- _Exercise aim_:
Pictures must not appear; the answer is exactly the lines from the one that holds "Протокол матча Даугавпилс против Спартак" through the end of the material.

*** Supplied material Section Begins ***

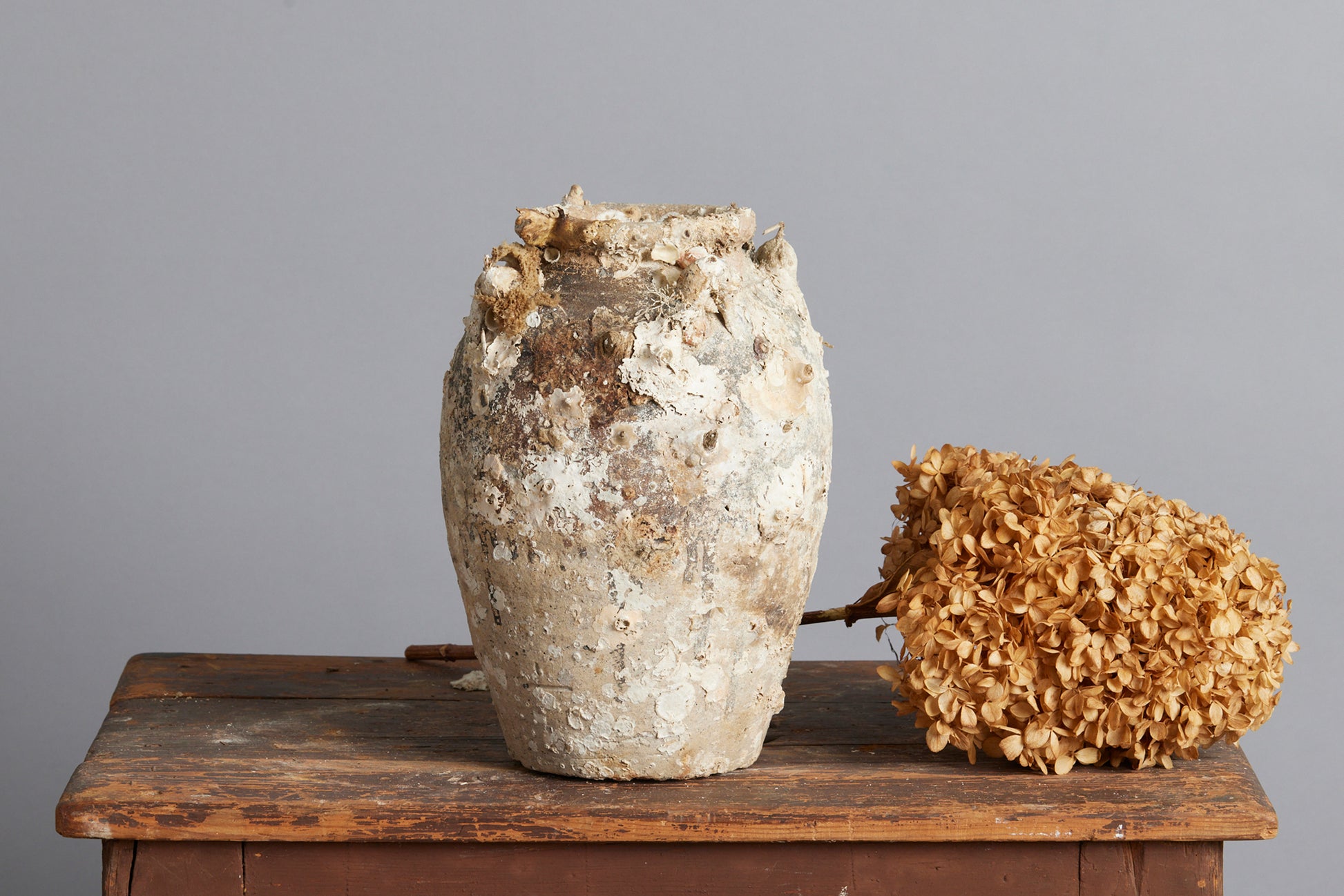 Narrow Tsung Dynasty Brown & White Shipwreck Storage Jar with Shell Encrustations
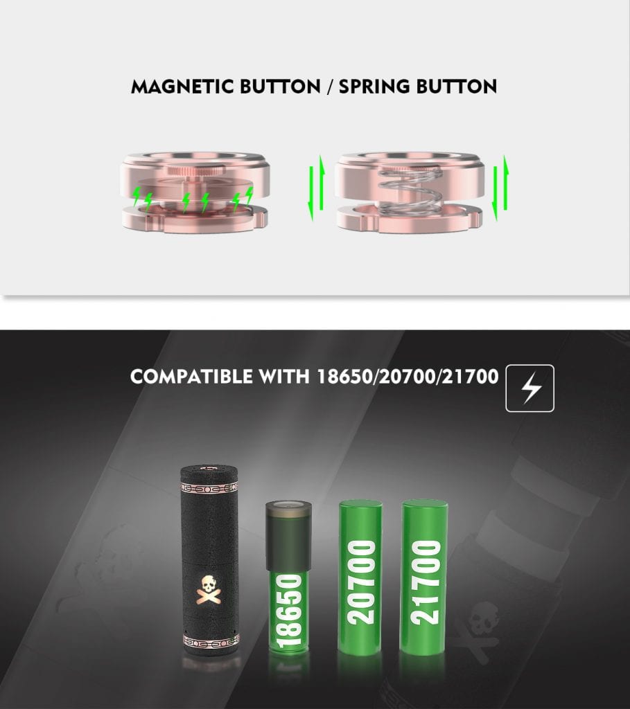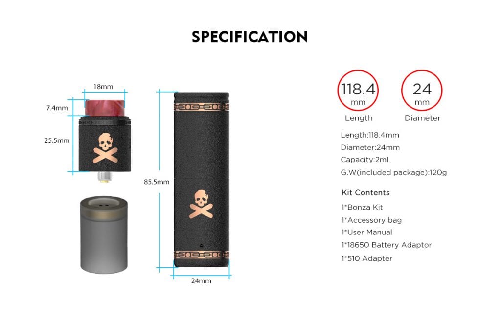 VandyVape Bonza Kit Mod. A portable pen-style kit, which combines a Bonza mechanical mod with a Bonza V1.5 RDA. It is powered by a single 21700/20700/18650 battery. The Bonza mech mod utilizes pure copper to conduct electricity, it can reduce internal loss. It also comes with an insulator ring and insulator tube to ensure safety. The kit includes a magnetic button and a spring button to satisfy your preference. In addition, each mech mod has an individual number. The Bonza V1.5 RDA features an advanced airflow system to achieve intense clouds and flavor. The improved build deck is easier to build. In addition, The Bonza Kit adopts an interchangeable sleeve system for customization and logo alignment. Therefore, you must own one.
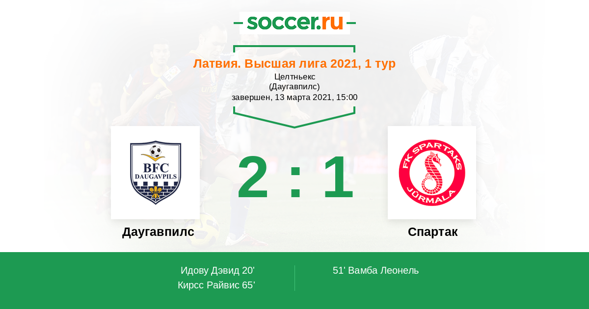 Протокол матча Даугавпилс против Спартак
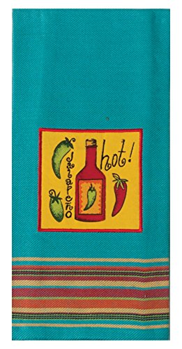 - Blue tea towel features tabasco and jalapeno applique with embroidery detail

*** Supplied material Section Ends ***

- _Exercise output_:
 Протокол матча Даугавпилс против Спартак
 - Blue tea towel features tabasco and jalapeno applique with embroidery detail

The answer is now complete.